Blood transfusion is the standard treatment for sickle cell aplastic crises. Because the prognosis is so good, this may be done as an outpatient in developing countries.

Marrow aplasia is often the result of parvovirus B19 infection. In the normal individual the 120 day half life of a red blood cell means that a cessation in production for a few days does not have a significant effect. In the sickle cell patient the shorter circulating life of a red blood cell, combined with the aplasia, may result in dangerous anaemia.

Patients will usually have only one aplastic crisis (except in patients with severe immune deficiency) since a single parvovirus infection will give life long immunity against the disease (1).

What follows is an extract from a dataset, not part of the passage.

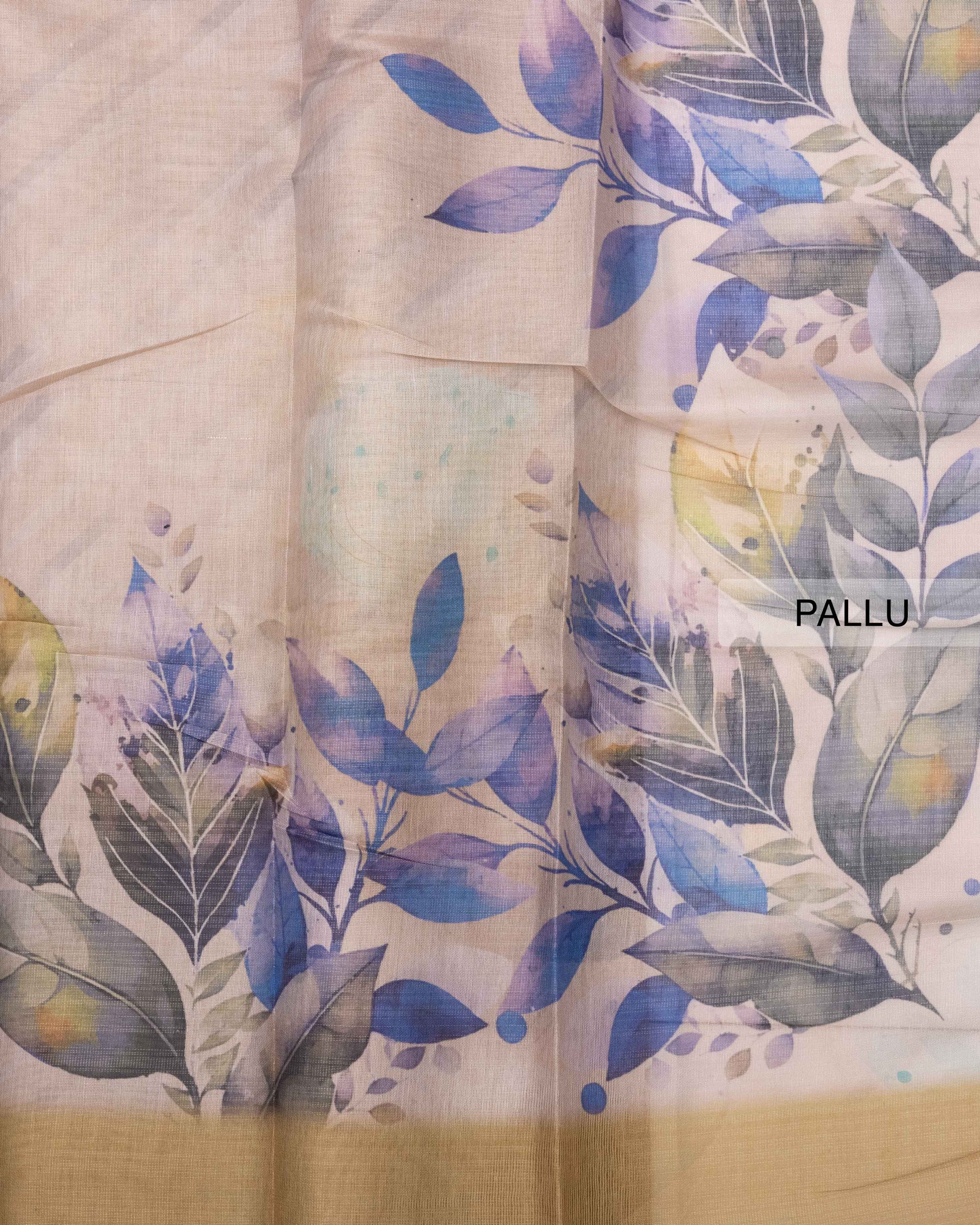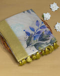 - Elevate your style with this elegant tissue saree, a beautiful floral print in shades of blue and green

A child is highly contagious during the time of aplasia. After diagnosis of aplastic crisisis is made the child should be isolated from the following vulnerable groups (2):

• pregnant women – since infection during second trimester may result in complications like hydrops fetalis and still births (1)
• immunocompromised children and all children with hemolytic anemias (2)

Parvovirus vaccination may be important in prophylaxis in the near future.

Reference:

• (1) Okpala I. The management of crisis in sickle cell disease. Eur J Haematol. 1998;60(1):1-6
• (2) Wethers DL. Sickle cell disease in childhood: Part II. Diagnosis and treatment of major complications and recent advances in treatment. Am Fam Physician. 2000;62(6):1309-14.